Casting around for a good reason to pass the Trans-Pacific Partnership into which Barack Obama’s administration has put so much lobbying effort, some economists have alighted upon the potential development benefits to the pact’s poorer members and particularly Vietnam.

The argument goes that Vietnam, which has largely been following a classic east Asian development model of export-led growth in manufacturing (and some agriculture such as rice and coffee), will benefit from the reductions in tariffs that will enable it to sell more garments into the vast US market.

There are, though, problems with this thesis, which apply more generally to any attempt to draw a substantial causal link between specific preferential trade deals and export-led growth.

One is that such deals tend to be qualified by restrictions that in practice largely diminish their usefulness. Another is that some of the most spectacular export success stories have taken place without much assistance from bilateral or regional trade agreements. Finally, in a more recent development, the changing patterns of world commerce mean the opportunity for trade-led growth may well have diminished.

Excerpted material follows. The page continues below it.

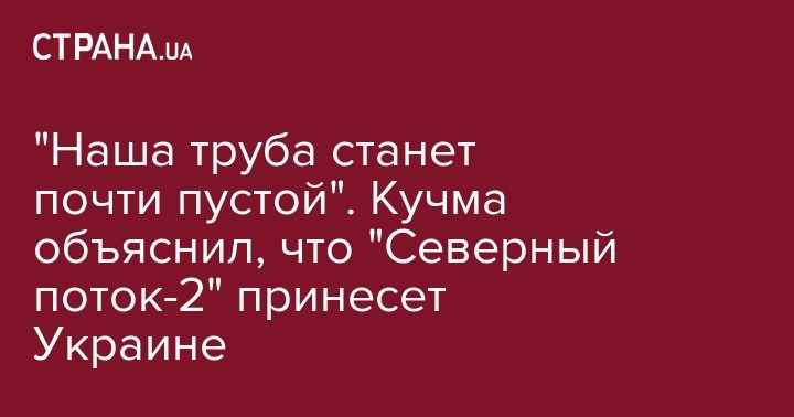 В частности, Леонид Кучма рассказал, что  украинская труба станет почти пустой в случае реализации проекта "Северный поток-2". "Да ничего, если "Северный поток-2", еще там "Турецкий поток", то на Украину ничего не остается – 10-15 млрд куб м", - сказал он.

As Kim Elliott of the Center for Global Development points out, the benefits of the TPP to clothing exporters like Vietnam will be reduced by the US’s so-called “yarn forward” rules. The policy restricts the use of raw materials and textiles from countries outside the agreement — in this case largely China. The US textile industry is not the lobbying force it once was, but it is certainly strong enough to punch loopholes in the fabric of trade deals.

(Speaking of malign and powerful US trade lobbies, nor will the US liberalise its own trade-distorting agricultural support programmes such as the rice subsidies that disadvantage Vietnamese exporters in third markets.)

The changing patterns of world commerce mean the opportunity for trade-led growth may well have diminished

Such so-called “rules of origin”, designed to prevent exports from one country essentially being imported and re-exported by another to take advantage of trade privileges, have reduced the impact of many rich countries’ trade preference schemes.

However, though freer trade in garments would be good news for Vietnam, it has been doing pretty well without it. High productivity and good infrastructure are often much more important than low tariffs in making producers competitive. Vietnam is already the US’s second biggest source of imported garments, with 11 per cent of the total. In doing so, it has out-competed other apparel-producing countries, including those with lower costs and larger populations such as Bangladesh.

It has also done much better than economies facing fewer US trade restrictions, such as the African nations whose trade preference scheme, the US’s African Growth and Opportunity Act (AGOA), has more relaxed rules of origin allowing it to use imported fabric.

AGOA was touted as a way for Africa to export its way out of poverty, but the rise in non-oil exports, while statistically significant, has been limited. The main beneficiaries with regard to clothing exports have been countries that had already attained middle-income status (Mauritius, South Africa) plus a couple of lower-middle income economies (Kenya, Lesotho).

For poorer countries without established clothing industries and with weak productivity and poor transport networks, lower tariffs are not enough to make their products competitive. Although it is about twice as well-off as Kenya and Lesotho, Vietnam has outcompeted Africa despite facing substantially higher tariffs.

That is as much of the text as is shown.